| that rare type: the fighting planner
Action, Not Just Words
Ms. Jacobs did not limit her impact to words. In 1961, she and other
protestors were removed from a City Planning Commission hearing on an
urban renewal plan for Greenwich Village that they opposed, after they
leapt from their seats and rushed the podium.
In 1968, she was arrested on riot and criminal mischief charges for
disrupting a public meeting on the construction of an expressway that
would have sliced across Lower Manhattan and displaced hundreds of
families and businesses. The police said she had tried to tear up the
stenographer's transcript tape.
The battle against that highway pitted Ms. Jacobs in an uphill fight
against Robert Moses, the autocratic and immensely powerful master
builder of that era. The expressway's opponents won.
Ms. Jacobs moved to Toronto in 1968 out of opposition to the Vietnam War
and to shield her two draft-age sons from military duty, and quickly
enlisted in Toronto's urban battles. No sooner had she arrived than she
led a battle to stop a freeway there.
She became a beloved intellectual pioneer characterized by a dumpling
face, an impish smile, sneakers, bangs and owlish glasses. But Roger
Starr, a former New York City housing administrator and sometime
opponent of Ms. Jacobs, keenly noted the steel just beneath her folksiness.
"What a dear, sweet character she isn't," he said.
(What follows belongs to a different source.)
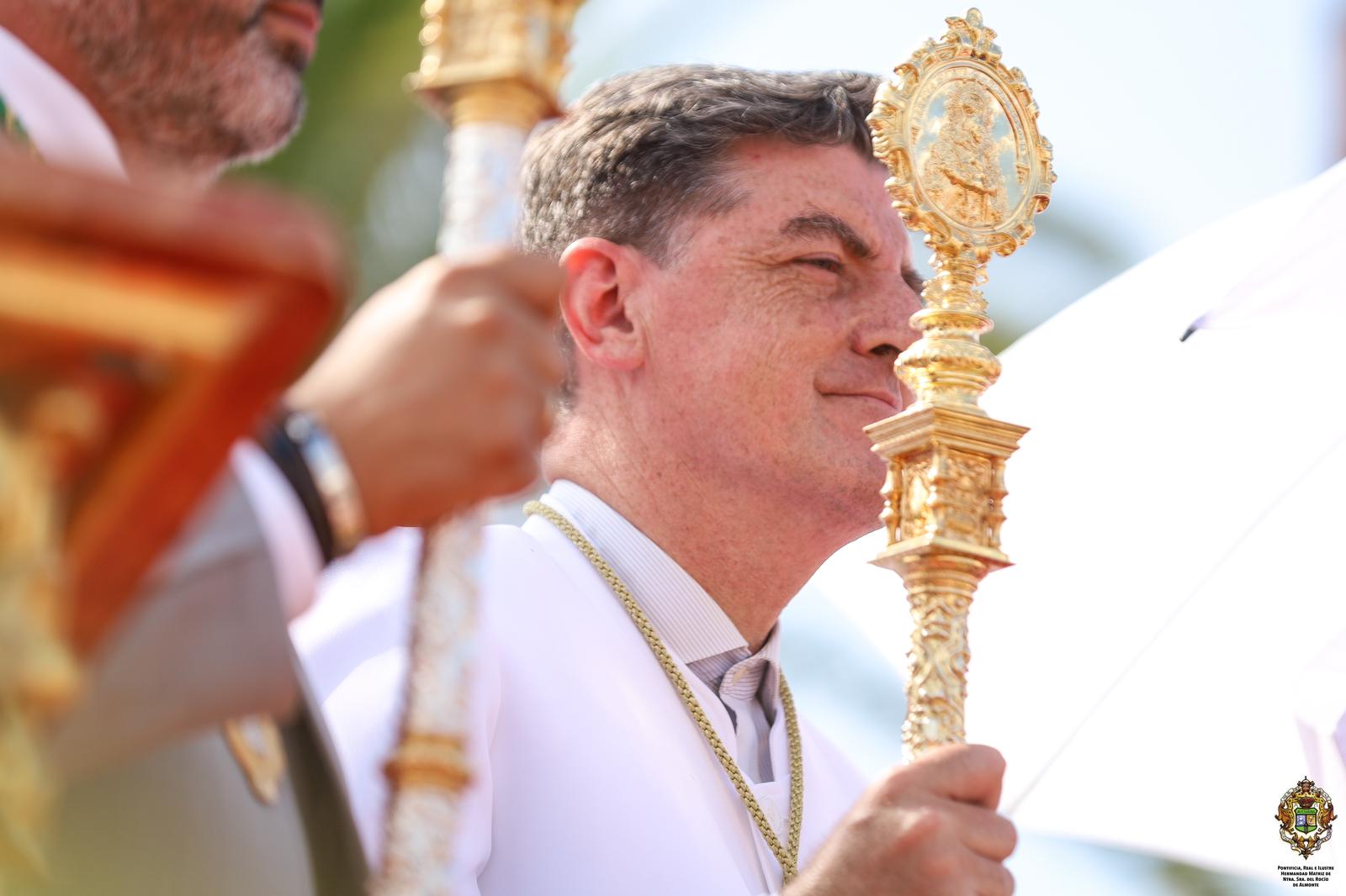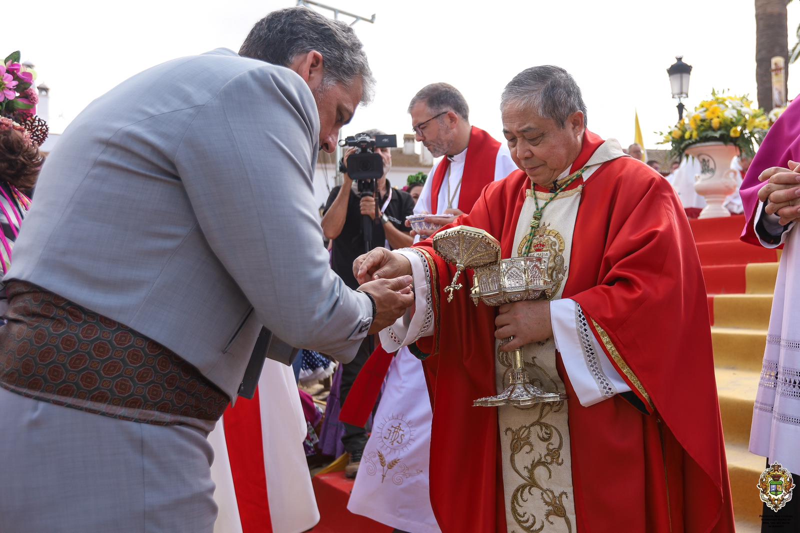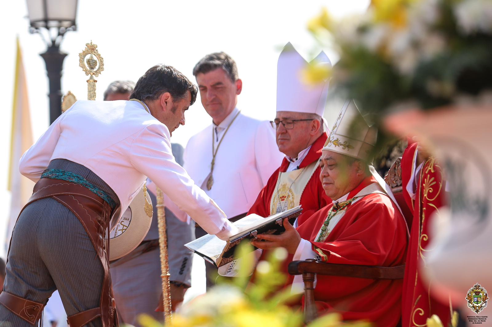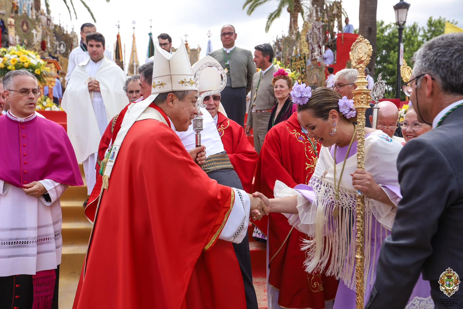 Solemne Misa Pontifical, a las 10 de la mañana, en el Real de El Rocío. presidida por el Excmo. y Rvdmo. Sr. D. Bernardito Cleopas Auza, Nuncio del Papa Francisco en España, que hará la homília, y concelebrada por el Excmo. y Rvdmo. Sr. D. Santiago Gómez Sierra, Obispo de Huelva y los capellanes de las hermandades del Rocío. Todas ellas asistirán con sus Simpecados e Insignias a esta Misa que estará acompañada musicalmente por el Coro de la Hermandad de Ntra. Sra. del Rocío de La Puebla del Río y la Orquesta Sinfónica de La Puebla del Río.

After she was removed from the Planning Commission hearing in 1961, her
own words underlined her feistiness. "We had been ladies and gentlemen
and only got pushed around," she said.
But fighting with government, even being arrested with Susan Sontag and
Allen Ginsberg in an antidraft protest, was something she said she had
repeatedly been forced into by "outrageous" governmental actions.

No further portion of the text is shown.